PROVIDED RECORDS
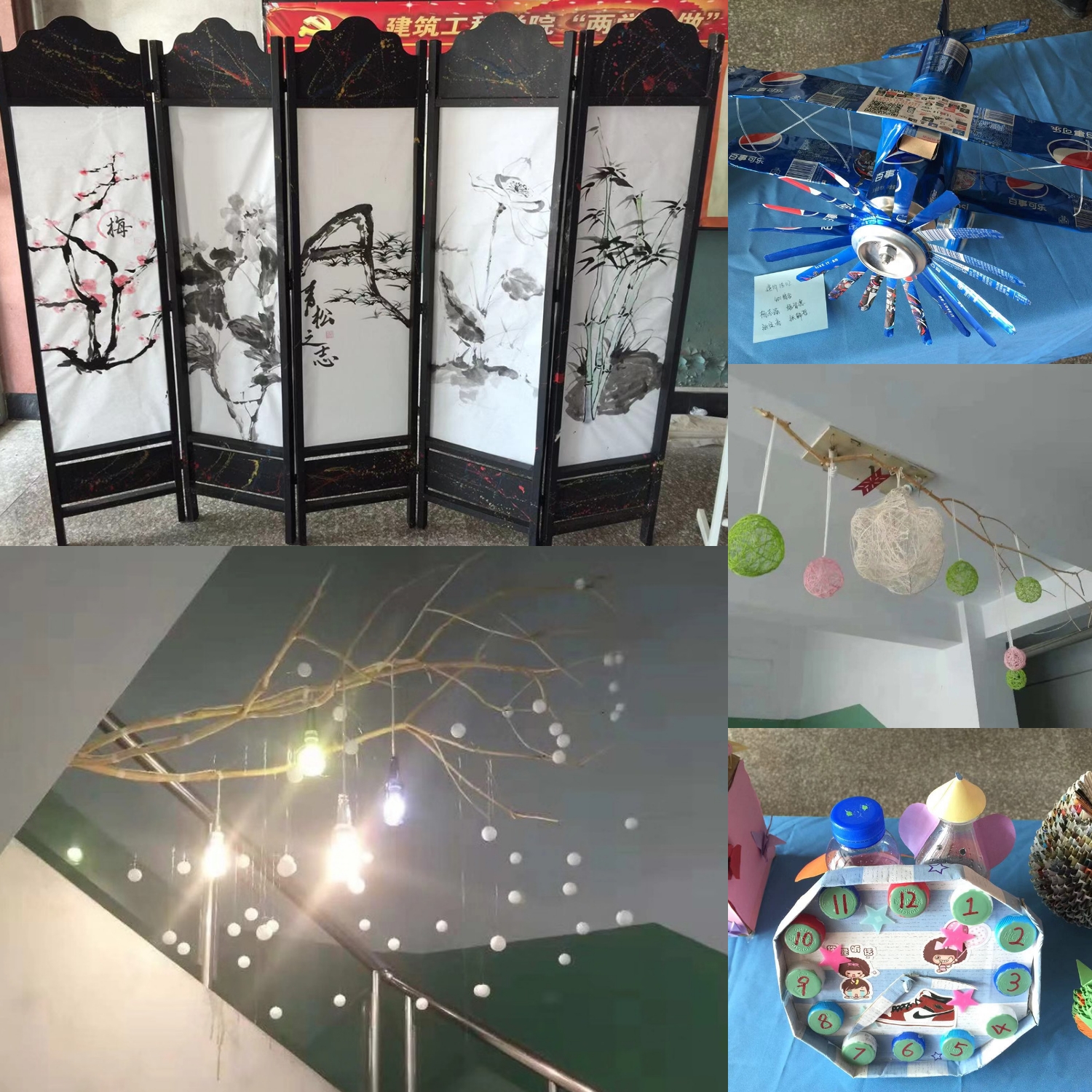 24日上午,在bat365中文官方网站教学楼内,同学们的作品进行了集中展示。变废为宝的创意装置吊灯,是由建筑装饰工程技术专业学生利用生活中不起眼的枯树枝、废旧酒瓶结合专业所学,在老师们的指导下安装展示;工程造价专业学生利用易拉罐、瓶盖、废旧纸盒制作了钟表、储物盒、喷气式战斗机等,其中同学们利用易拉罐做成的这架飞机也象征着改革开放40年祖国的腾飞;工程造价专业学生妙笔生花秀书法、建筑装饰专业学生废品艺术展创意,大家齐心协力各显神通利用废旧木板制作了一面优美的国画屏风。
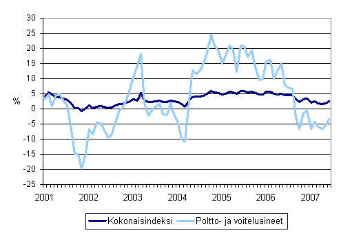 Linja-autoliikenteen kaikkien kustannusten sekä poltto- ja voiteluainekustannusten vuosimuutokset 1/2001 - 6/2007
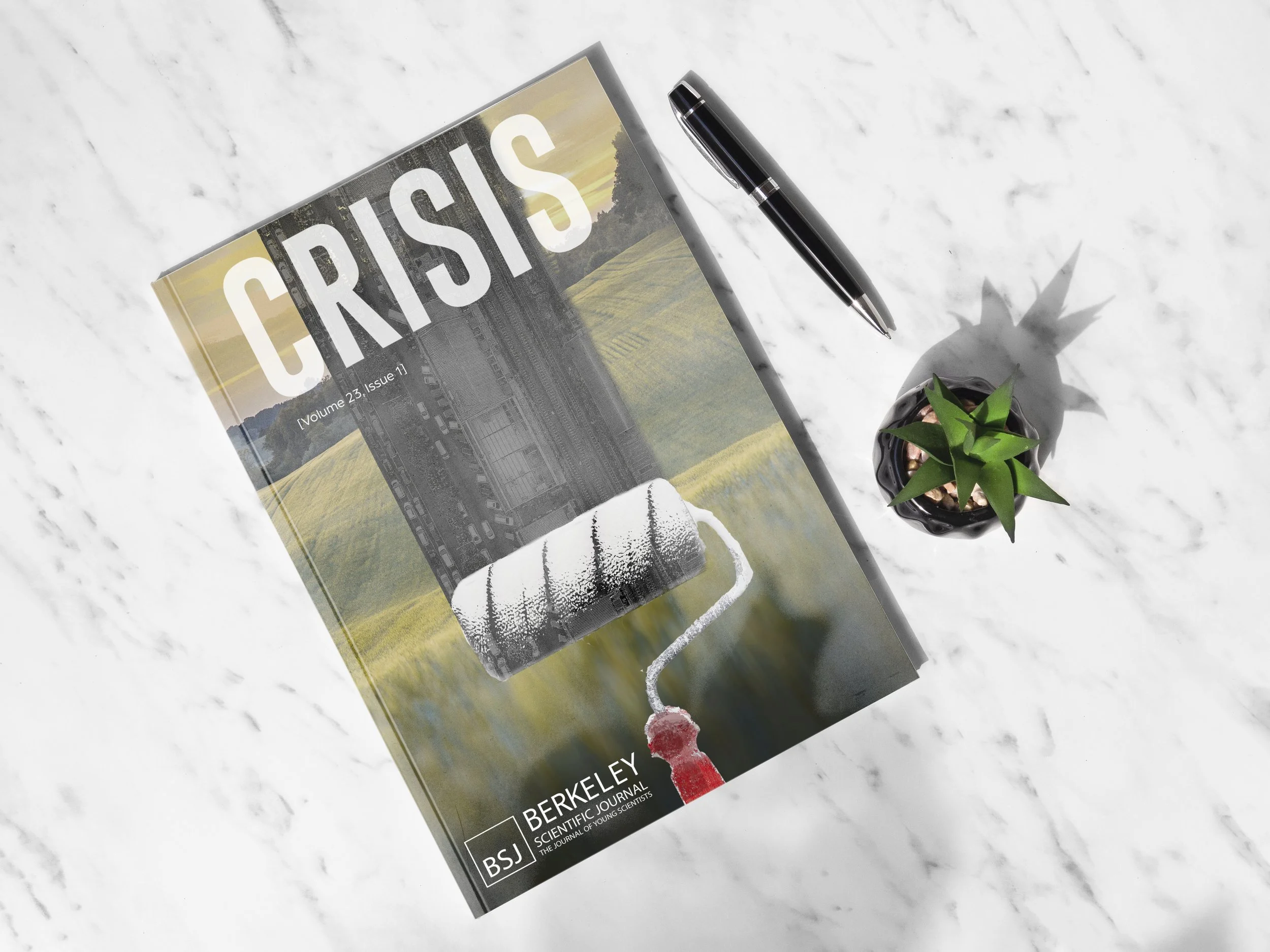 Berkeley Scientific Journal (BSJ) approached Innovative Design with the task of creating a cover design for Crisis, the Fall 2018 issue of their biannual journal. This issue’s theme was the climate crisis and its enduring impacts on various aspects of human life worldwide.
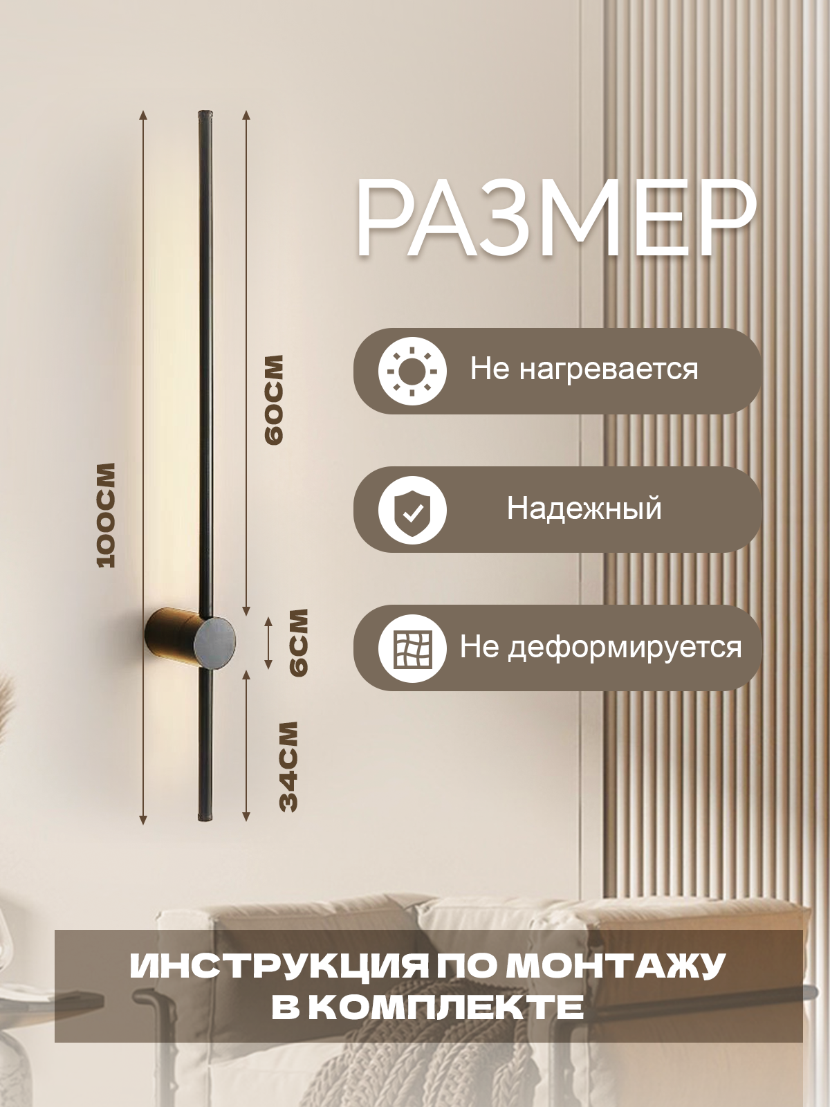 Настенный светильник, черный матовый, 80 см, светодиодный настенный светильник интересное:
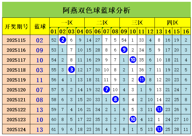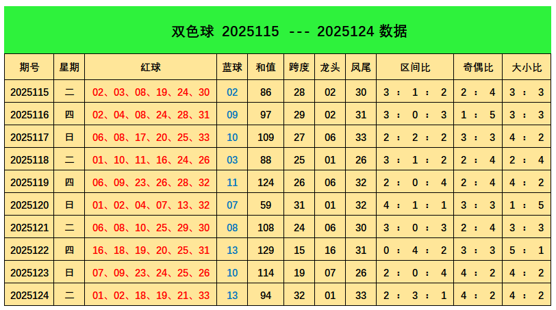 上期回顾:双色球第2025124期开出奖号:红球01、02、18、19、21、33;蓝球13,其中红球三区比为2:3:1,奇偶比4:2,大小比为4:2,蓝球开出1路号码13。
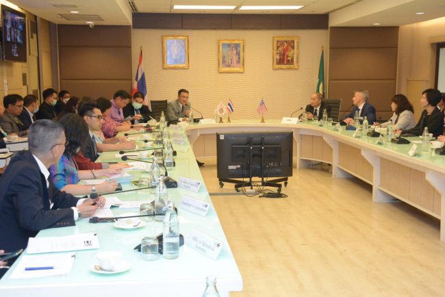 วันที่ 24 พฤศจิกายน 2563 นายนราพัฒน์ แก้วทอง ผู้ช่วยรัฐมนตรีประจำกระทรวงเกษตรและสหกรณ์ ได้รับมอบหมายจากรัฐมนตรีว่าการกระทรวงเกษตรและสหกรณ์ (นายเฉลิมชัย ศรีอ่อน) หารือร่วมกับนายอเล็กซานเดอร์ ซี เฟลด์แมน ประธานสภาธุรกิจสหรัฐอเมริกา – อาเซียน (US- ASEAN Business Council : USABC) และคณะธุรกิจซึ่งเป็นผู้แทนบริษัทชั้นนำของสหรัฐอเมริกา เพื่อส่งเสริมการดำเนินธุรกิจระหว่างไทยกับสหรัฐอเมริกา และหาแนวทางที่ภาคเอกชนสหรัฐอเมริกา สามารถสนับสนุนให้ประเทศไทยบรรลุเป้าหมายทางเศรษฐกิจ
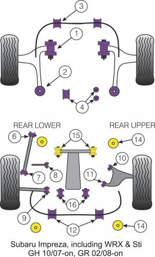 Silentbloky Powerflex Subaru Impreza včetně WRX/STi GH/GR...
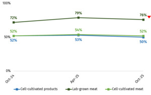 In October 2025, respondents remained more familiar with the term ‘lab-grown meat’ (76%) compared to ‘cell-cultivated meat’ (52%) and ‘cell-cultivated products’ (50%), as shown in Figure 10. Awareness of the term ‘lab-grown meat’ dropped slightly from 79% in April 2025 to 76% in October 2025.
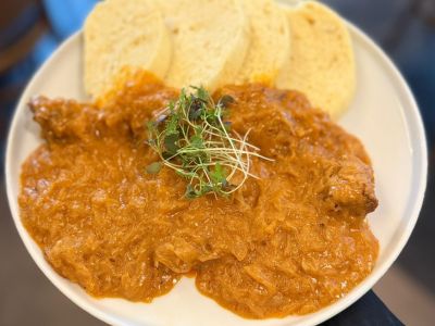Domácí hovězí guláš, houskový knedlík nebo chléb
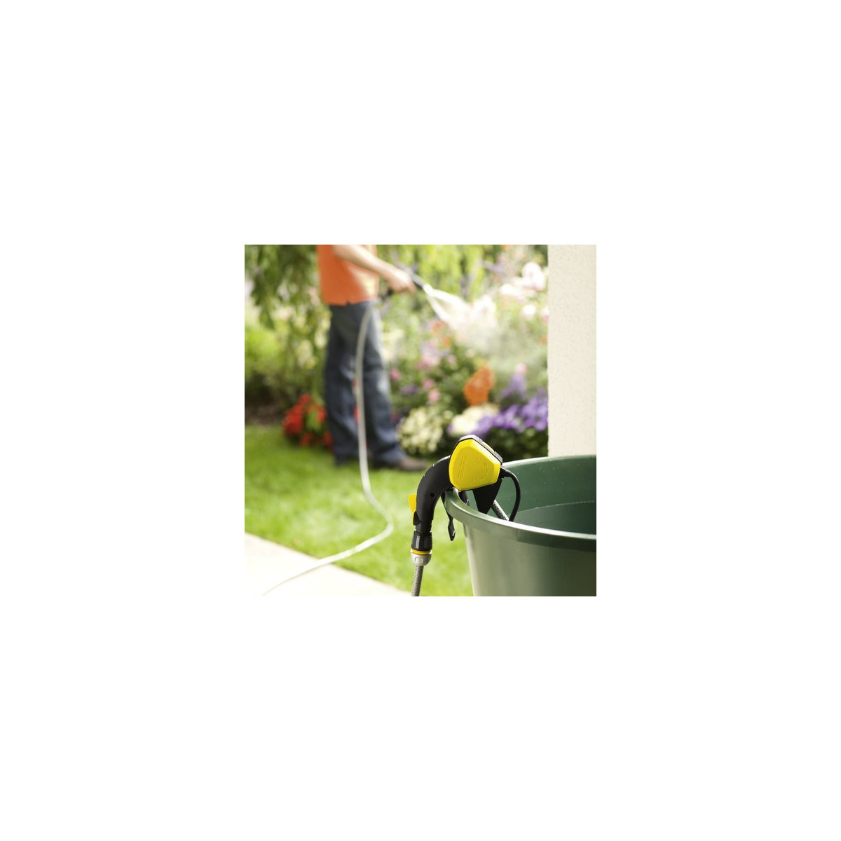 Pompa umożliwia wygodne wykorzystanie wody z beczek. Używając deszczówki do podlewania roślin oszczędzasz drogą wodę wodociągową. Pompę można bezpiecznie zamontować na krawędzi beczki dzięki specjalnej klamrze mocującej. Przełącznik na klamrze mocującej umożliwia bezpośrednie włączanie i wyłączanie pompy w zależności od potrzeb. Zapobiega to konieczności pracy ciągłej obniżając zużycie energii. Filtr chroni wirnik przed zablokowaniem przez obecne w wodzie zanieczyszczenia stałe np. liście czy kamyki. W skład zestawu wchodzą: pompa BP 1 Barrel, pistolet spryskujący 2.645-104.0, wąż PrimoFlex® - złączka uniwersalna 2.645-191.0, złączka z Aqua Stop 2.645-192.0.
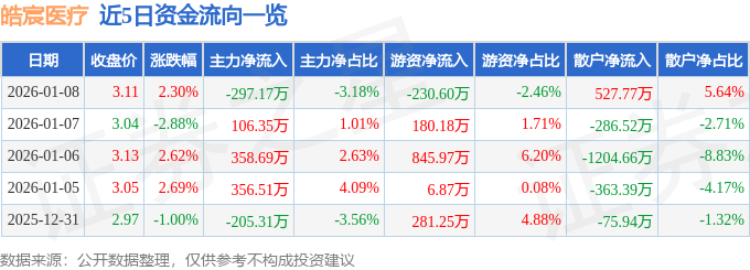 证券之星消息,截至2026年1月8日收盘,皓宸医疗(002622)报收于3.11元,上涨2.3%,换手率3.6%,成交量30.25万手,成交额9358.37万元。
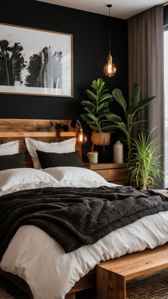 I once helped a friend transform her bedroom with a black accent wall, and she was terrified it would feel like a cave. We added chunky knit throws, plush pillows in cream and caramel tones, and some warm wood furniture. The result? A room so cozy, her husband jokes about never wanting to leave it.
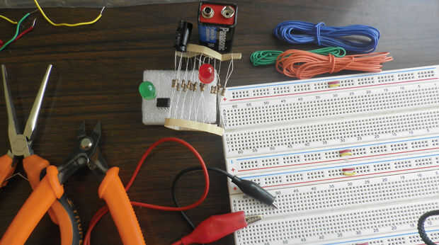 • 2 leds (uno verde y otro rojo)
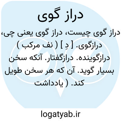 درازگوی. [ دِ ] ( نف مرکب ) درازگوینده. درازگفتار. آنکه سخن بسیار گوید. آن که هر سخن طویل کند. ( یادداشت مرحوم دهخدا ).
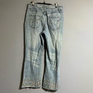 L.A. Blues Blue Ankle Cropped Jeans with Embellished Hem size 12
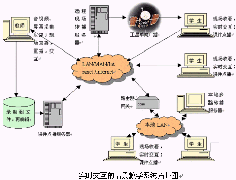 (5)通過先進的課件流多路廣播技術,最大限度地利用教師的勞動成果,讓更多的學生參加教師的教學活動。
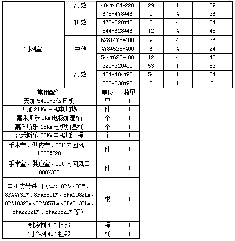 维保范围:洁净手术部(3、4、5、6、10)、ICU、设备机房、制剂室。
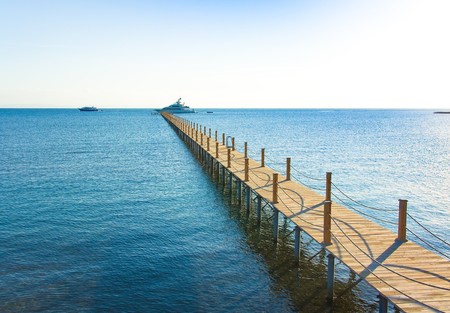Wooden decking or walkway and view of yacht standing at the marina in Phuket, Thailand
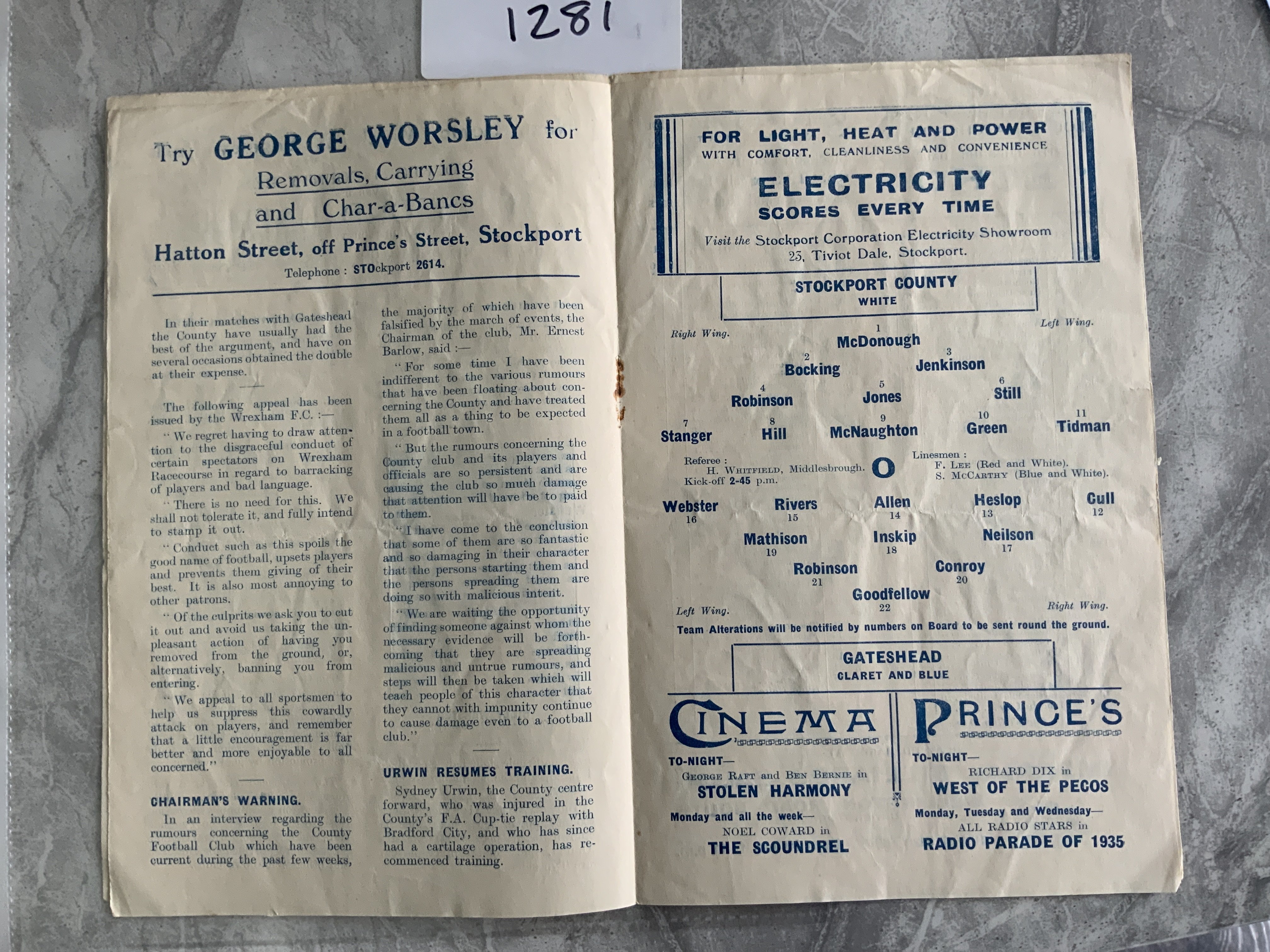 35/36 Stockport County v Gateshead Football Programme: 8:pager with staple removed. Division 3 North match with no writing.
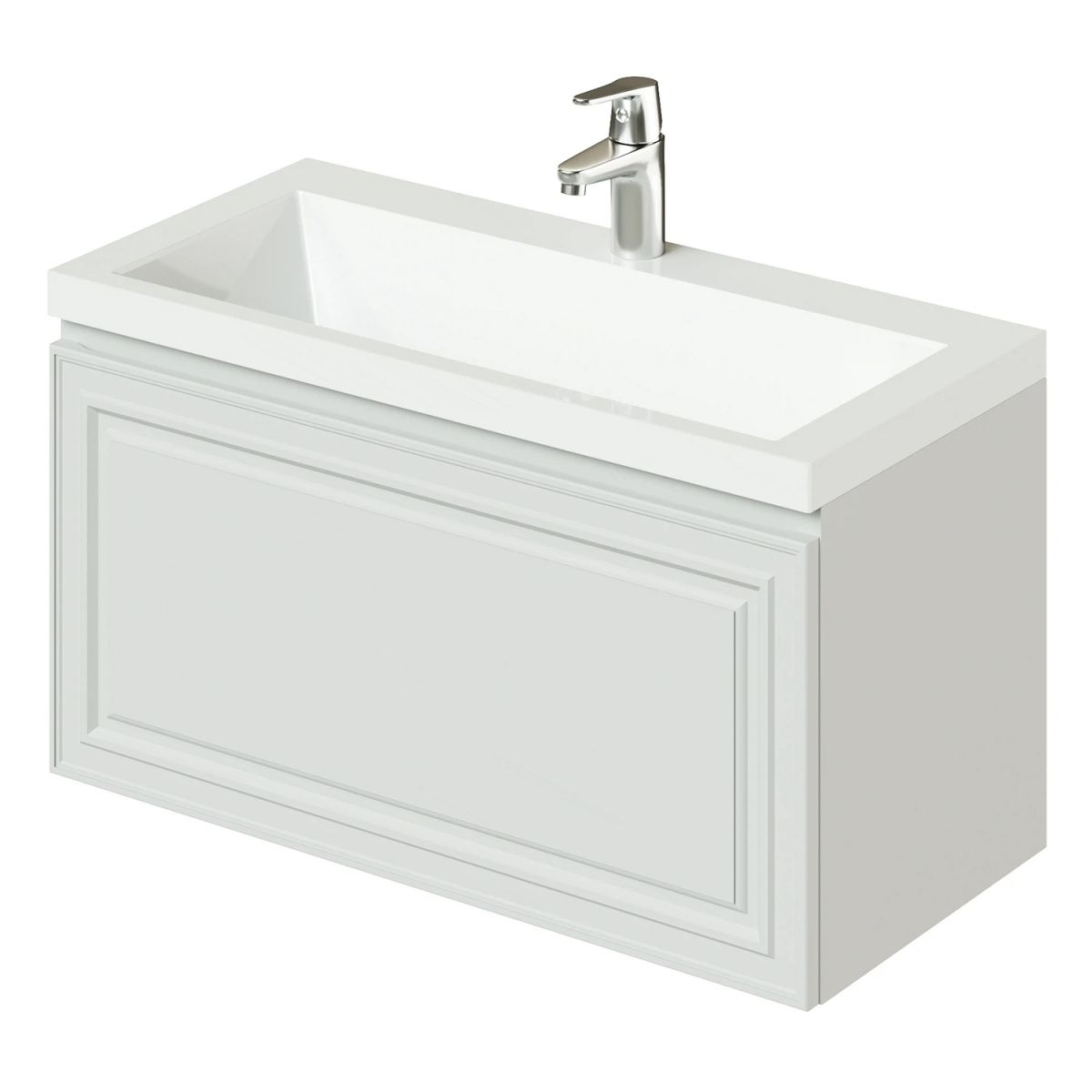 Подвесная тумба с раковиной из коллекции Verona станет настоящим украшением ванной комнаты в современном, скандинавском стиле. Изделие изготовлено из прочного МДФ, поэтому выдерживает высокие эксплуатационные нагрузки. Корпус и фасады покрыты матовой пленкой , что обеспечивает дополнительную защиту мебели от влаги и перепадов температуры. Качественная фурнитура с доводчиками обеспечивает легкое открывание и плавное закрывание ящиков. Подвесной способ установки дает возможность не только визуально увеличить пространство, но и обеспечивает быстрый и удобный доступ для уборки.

EXERCISE
An exact copy of the lines above from the one with "y otro rojo)" up to and including the one with "35/36 Stockport County" is required; reproduce only those lines, omitting all pictures.

EXERCISE ANSWER
 • 2 leds (uno verde y otro rojo)
 درازگوی. [ دِ ] ( نف مرکب ) درازگوینده. درازگفتار. آنکه سخن بسیار گوید. آن که هر سخن طویل کند. ( یادداشت مرحوم دهخدا ).
 L.A. Blues Blue Ankle Cropped Jeans with Embellished Hem size 12
 (5)通過先進的課件流多路廣播技術,最大限度地利用教師的勞動成果,讓更多的學生參加教師的教學活動。
 维保范围:洁净手术部(3、4、5、6、10)、ICU、设备机房、制剂室。
Wooden decking or walkway and view of yacht standing at the marina in Phuket, Thailand
 35/36 Stockport County v Gateshead Football Programme: 8:pager with staple removed. Division 3 North match with no writing.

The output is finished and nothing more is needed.